Kingseat is a village in Aberdeenshire, Scotland, located about 10 mi to the north-west of Aberdeen and 1 mi east of Newmachar. It developed around the former Kingseat Hospital site, which has since been redeveloped for residential use.

== History ==
=== Etymology ===
The name Kingseat is traditionally said to derive from a local tradition that King Malcolm Canmore, following the slaying of Macbeth at the Battle of Lumphanan, rested on a stone at what was then Kingseat farm. Local accounts also record that water from a nearby well was so refreshing that the place became associated with the king. The name appears on maps dating back to at least the mid-17th century.

=== Kingseat Hospital ===
Designed by Marshall Mackenzie, Kingseat Hospital was the first segregate, or village, hospital system in the British Isles, opening in 1904.

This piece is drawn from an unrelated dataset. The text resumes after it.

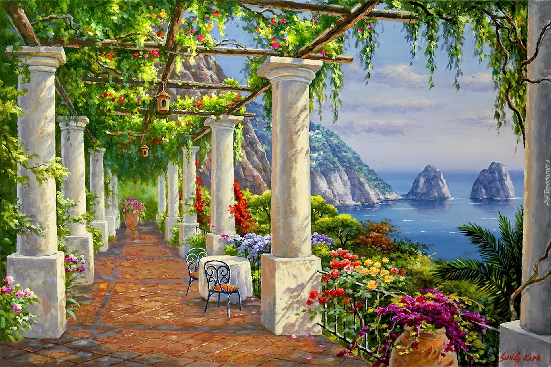 Edytor tapety: Taras, Kolumny, Widok, Morze, Góry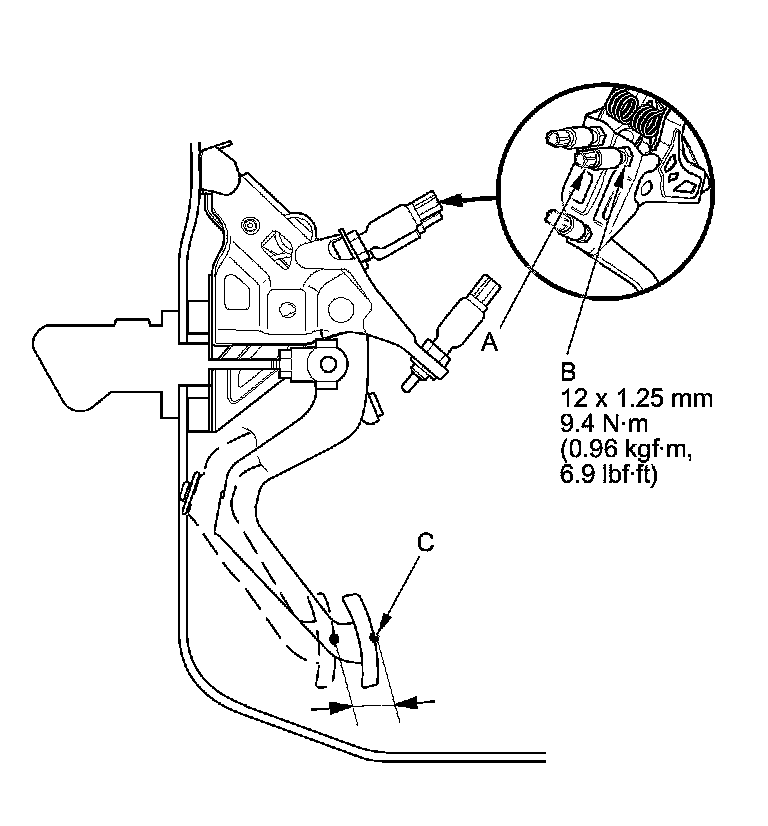 NOTE: Measure the clutch pedal height from middle of the clutch pedal cover or the clutch pedal pad cover (C).

During World War II it was requisitioned by the Admiralty to be used as a Naval Auxiliary Hospital which it functioned as until 28 February 1946.

The hospital closed in 1994 following a review of mental health institutions in the Grampian region. The concept of the Kingseat hospital system was later exported to New Zealand, where a mental hospital near Auckland was established with the same name.

=== Conservation & Residential Development ===
The site was designated a conservation area in 2000 and plans were made to preserve the buildings by converting the site in to residential buildings.

== Governance ==
Kingseat is part of the Gordon and Buchan county constituency for UK Parliament elections.

For Scottish elections Kingseat is part of the Aberdeenshire East constituency and part of the North East Scotland electoral region.

Kingseat is within the East Garioch ward which forms part of the Garioch administrative area of Aberdeenshire Council.

Newmachar Community Council represents the views of residents to Aberdeenshire Council and other public bodies. It has a statutory right to comment on all planning applications including all the major housing developments. The Council has nine elected members with elections held every three years.

Kingseat Community Association (an association brought around by the "Kingseat Matters" project which started in February 2013) held its first meeting on 18 June 2013 and the first committee meeting on 21 August 2013.. The group's aim is "to make Kingseat, Aberdeenshire an even better place to live and work." The group published a Kingseat Action Plan in 2014 and did a lot of work trying to force the site's main developers to finish the site's construction, they also organised various sports and community days. The group was dissolved in June 2020.

== Geography ==
Located 10 mi NW of Aberdeen and 100 mi NNE of Edinburgh Kingseat is roughly 1 mi east of Newmachar connected by the B979 and a separate walking path. Newmachar providing many of the local amenities such as the school, church, local shop and pubs.

== Economy ==
Kingseat Business Park is located to the east end of Kingseat. It has 3 large office buildings, including the Newmachar Business Centre, and 3 smaller units (known as pavilions) housing a Dentist and Childcare.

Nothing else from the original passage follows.